Comme en 1966, le régime algérien se désintéresse aujourd’hui de la population sahraouie et dévoile ses véritables motivations tout en ayant fait le deuil sur un accès à l’Atlantique: toute solution devra intégrer des garanties explicites sur l’intangibilité des frontières héritées de la colonisation. Comme le souligne l’analyse, «continuer à réunir l’ensemble des parties, y compris l’Algérie, en prenant en considération leurs préoccupations fondamentales sera déterminant pour obtenir des résultats. Cela suppose également de préserver la discrétion des pourparlers, condition essentielle pour consolider la confiance entre les acteurs et préparer un éventuel déblocage».

Comprendre également que si chape de plomb il y a sur le contenu des négociations en cours, c’est à la demande de l’Algérie qui cache jusqu’ici son jeu.

Les États-Unis sont ainsi placés en position d’arbitre et, implicitement, de garant. Pour Alger, il s’agit d’obtenir l’assurance que le Maroc, une fois le conflit plié, ne revendiquera pas les territoires qu’il considère historiquement siens et qui furent intégrés à l’Algérie durant la période coloniale.

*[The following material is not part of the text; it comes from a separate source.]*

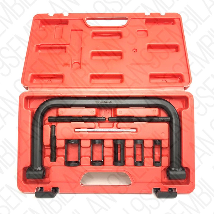 Treker Klep Set / Valve Spring Compressor Set5 Pcs Open sided adaptors- Size: 16mm (OD.) - 13.5mm (ID.)- Size: 19mm (OD.) - 16.5mm (ID.)- Size: 23mm (OD.) - 21.5mm (ID.)- Size: 25mm (OD.) - 23.5mm (ID.)- Size: 30mm (OD.) - 27.5mm (ID.)3 pcs Extension screws1 pcs Spring compressor "U" clamp1 pcs Compressio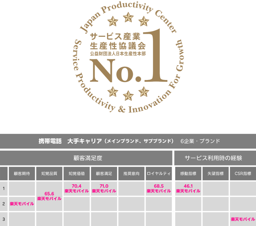 今回の調査では、顧客満足度に関する「顧客期待」「知覚品質」「知覚価値」「顧客満足」「推奨意向」「ロイヤルティ」の6指標に加え、サービス利用時の経験に関する「感動指標」「失望指標」「CSR指標」の3指標で構成されています。楽天モバイルは、このうち「知覚品質」「知覚価値」「顧客満足」「ロイヤルティ」の4指標、そして「感動指標」の1指標において、堂々の第1位を獲得しました。これは、楽天モバイルが提供するサービスの品質の高さ、価格に見合う価値、お客様の継続的な利用意向が強く評価されていることを示しています。特に、「感動指標」での2年連続第1位獲得は、顧客が単に満足するだけでなく、期待を超える驚きや喜びを感じていることを意味しており、楽天モバイルが顧客体験の向上にどれほど注力しているかが伺えます。

On peut conclure beaucoup de choses de cette demande expresse d’un parapluie américain, mais l’un des enseignements qui revêt le plus d’acuité, c’est que la fameuse question de «principe» dont se prévaut le régime algérien disparait quand l’heure de vérité est proche. Le soutien financier, politique et militaire d’Alger à «la cause sahraouie» a pour objectif de faire barrage à toute revendication marocaine sur les territoires dont il a été spolié. L’après-Sahara, pour Alger, se joue moins à Laâyoune qu’à Tindouf, Saoura, le Touat, le Gourara et le Tidikelt, dont elle exige désormais, noir sur blanc, la garantie définitive.